>>>

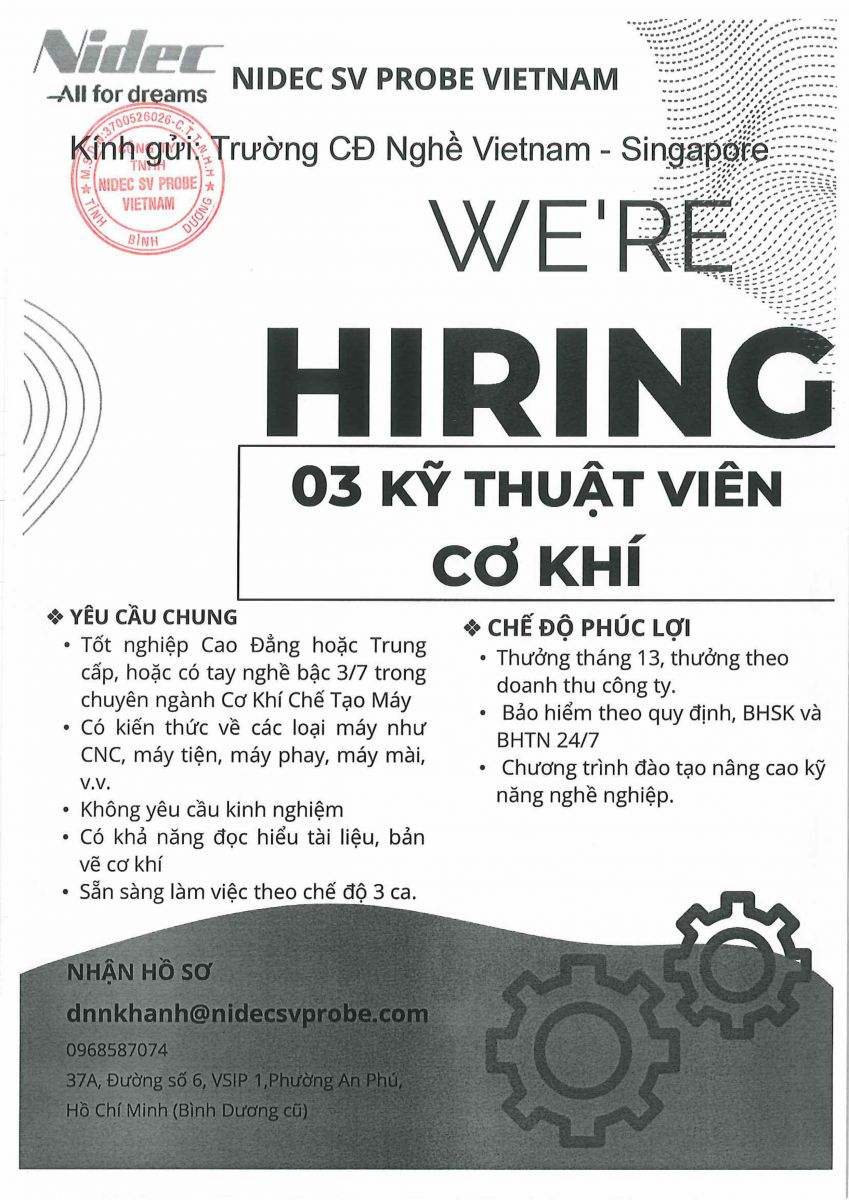 CÔNG TY NIDEC SV PROBE VIETNAM TUYỂN DỤNG
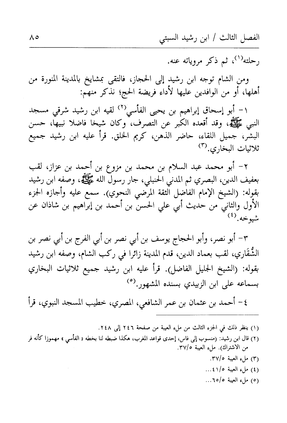 1 - أبو إسحاق إبراهيم بن يحيى الفأسي (¬2) لقيه ابن رشيد شرقي مسجد النبي - صلى الله عليه وسلم -، وقد أقعده الكبر عن التصرف، وكان شيخا فاضلا نبيها، حسن البشر، جميل اللقاء، حاضر الذهن، كريم الخلق. قرأ عليه ابن رشيد جميع ثلاثيات البخاري. (¬3)
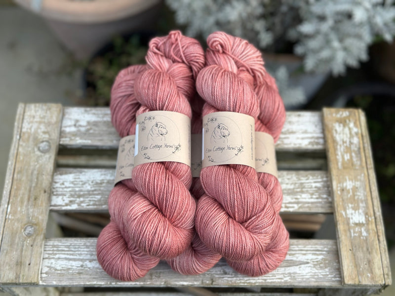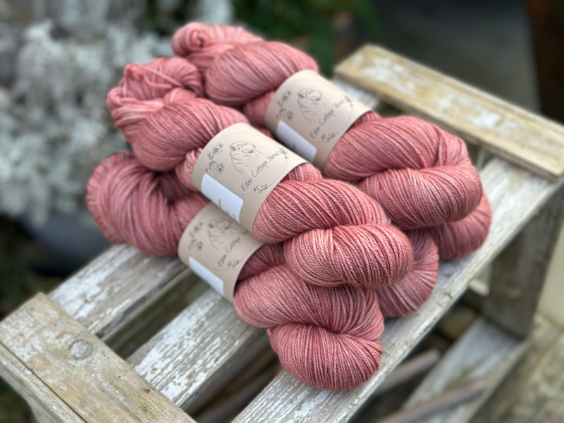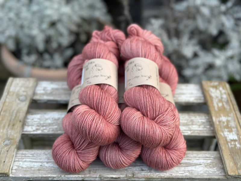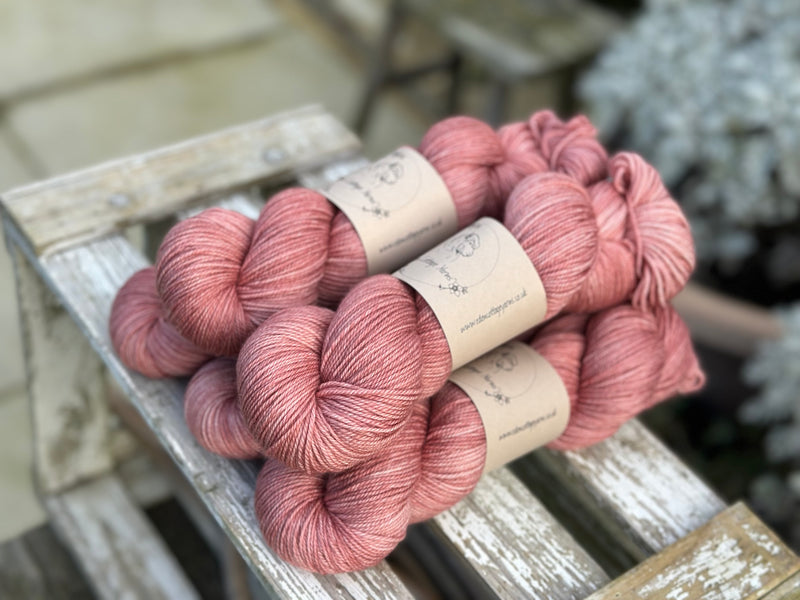 Hand dyed soft, luxurious merino/cashmere/nylon 4ply sock yarn in colourway Briar Rose - a medium-toned brown-pink.
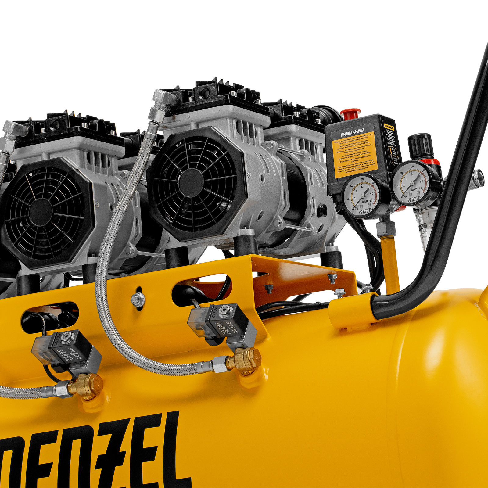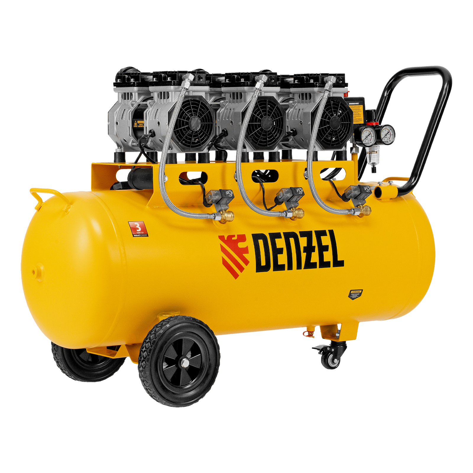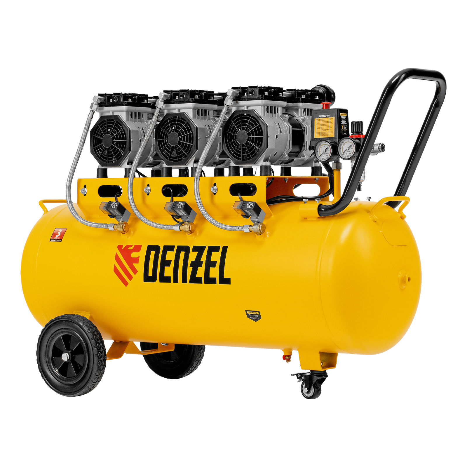 Компрессор безмасляный, малошумный DLS 1800/100,1800 Вт, 3x600, 100 л, 345 л/мин Denzel
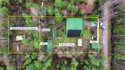 Участок по факту 12 соток сухой, хорошо освещается солнцем. Забор по всему периметру, сделано мощение дорожек, 2 парника, на участке сохранены шикарные сосны. Для отдыха на участке обустроена мангальная зона с крытой беседкой и огромным столом. Действующая баня с комнатой отдыха и душем (бойлер на 150 литров). На участке 2 хозяйственных блока, туалет в отдельной постройке на улице с канализацией и водопроводом (в доме есть помещение под санузел с душевой можно обустроить), парковочное место на 3 машины. На участке есть гараж.
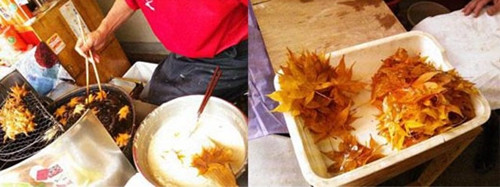 由于枫叶本身没有味道,必须先经盐渍一年之久,再裹上甜面粉,油炸成“红叶天妇罗”,许多美食家在网络上都曾经分享过这款创意点心。
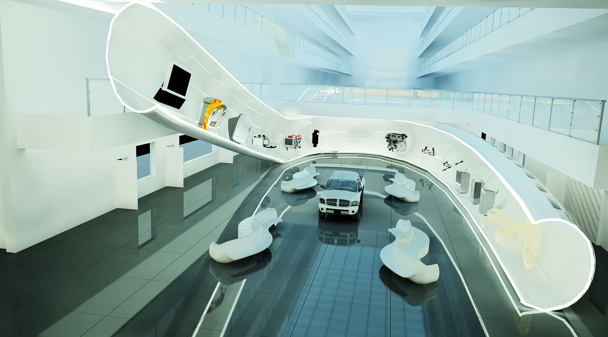 研发大楼,大厅及展示区域 北京福田汽车有限公司 北京,中国 室内设计 总建筑面积:250m2 阶段:设计阶段 Research&Development Building,Lobby and Display Area Beiqi Foton Motor Co., Ltd. Beijing, P.R. China Interior design Total floor area:250 m² Phase: Design Stage
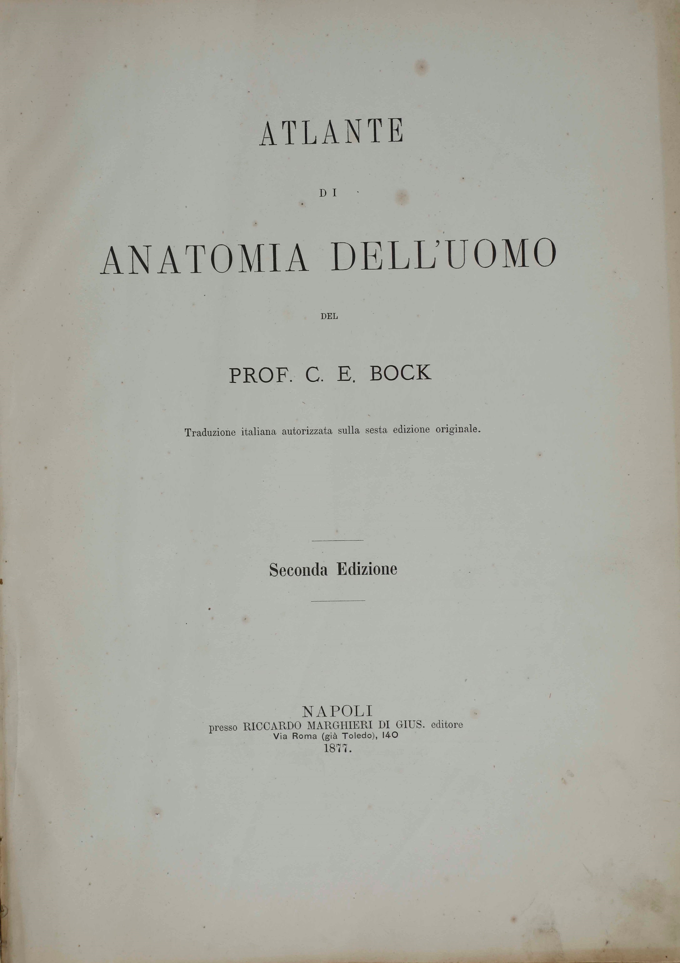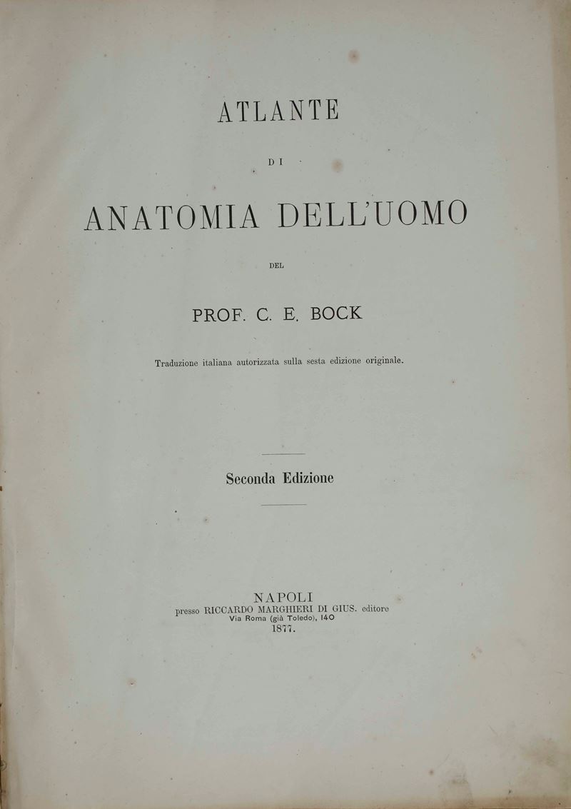 C.E. Bock Atlanti di anatomia dell'uomo. Traduzione italiana autorizzata sulla sesta edizione originale. Seconda edizione. Napoli, presso Riccardo Marghieri 1877
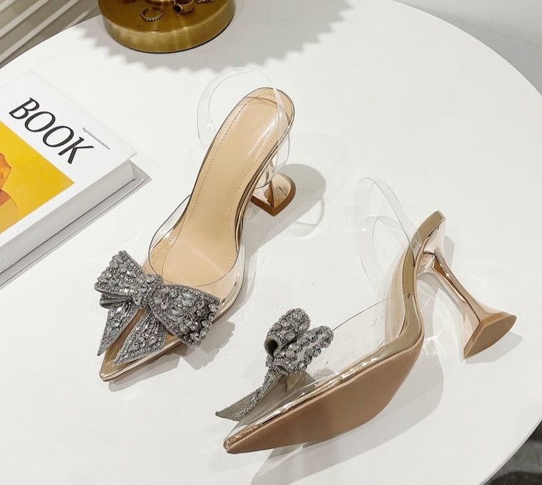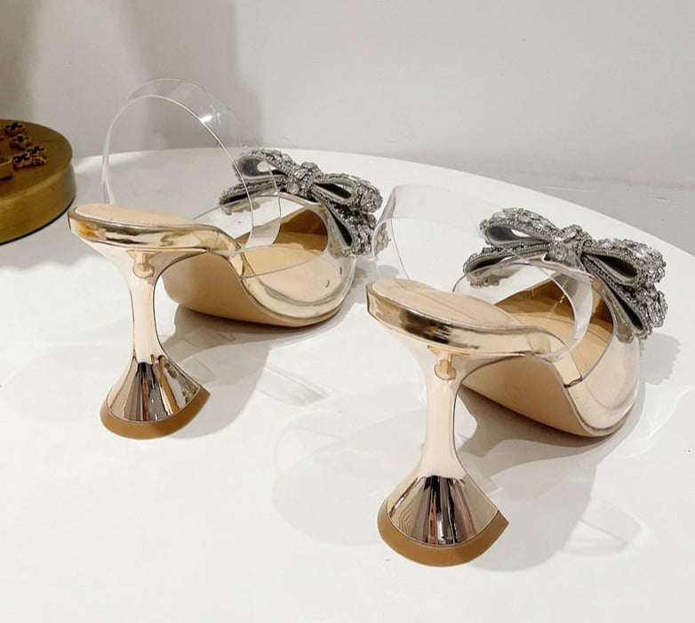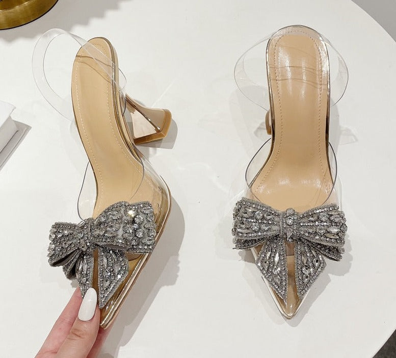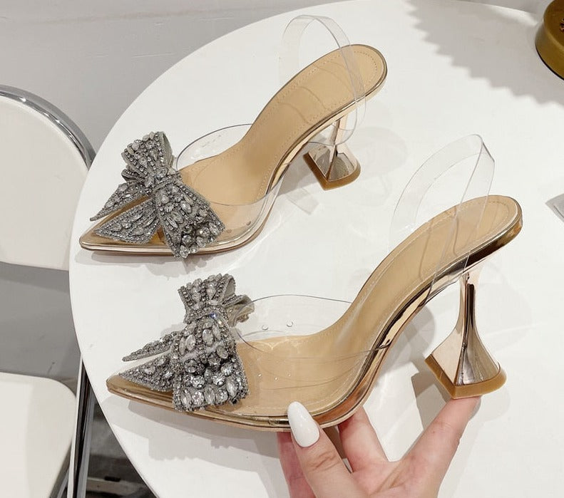 Fashion Crystal Sequined Bowknot Women Pumps Sexy Pointed Toe High Heels PVC Transparent Sandals Wedding Prom Shoes

<<<

Everything from the opening line of the data through the line with "Компрессор безмасляный, малошумный" should be repeated exactly; leave the pictures out.

**Exercise solution**
 CÔNG TY NIDEC SV PROBE VIETNAM TUYỂN DỤNG
 1 - أبو إسحاق إبراهيم بن يحيى الفأسي (¬2) لقيه ابن رشيد شرقي مسجد النبي - صلى الله عليه وسلم -، وقد أقعده الكبر عن التصرف، وكان شيخا فاضلا نبيها، حسن البشر، جميل اللقاء، حاضر الذهن، كريم الخلق. قرأ عليه ابن رشيد جميع ثلاثيات البخاري. (¬3)
 Hand dyed soft, luxurious merino/cashmere/nylon 4ply sock yarn in colourway Briar Rose - a medium-toned brown-pink.
 Компрессор безмасляный, малошумный DLS 1800/100,1800 Вт, 3x600, 100 л, 345 л/мин Denzel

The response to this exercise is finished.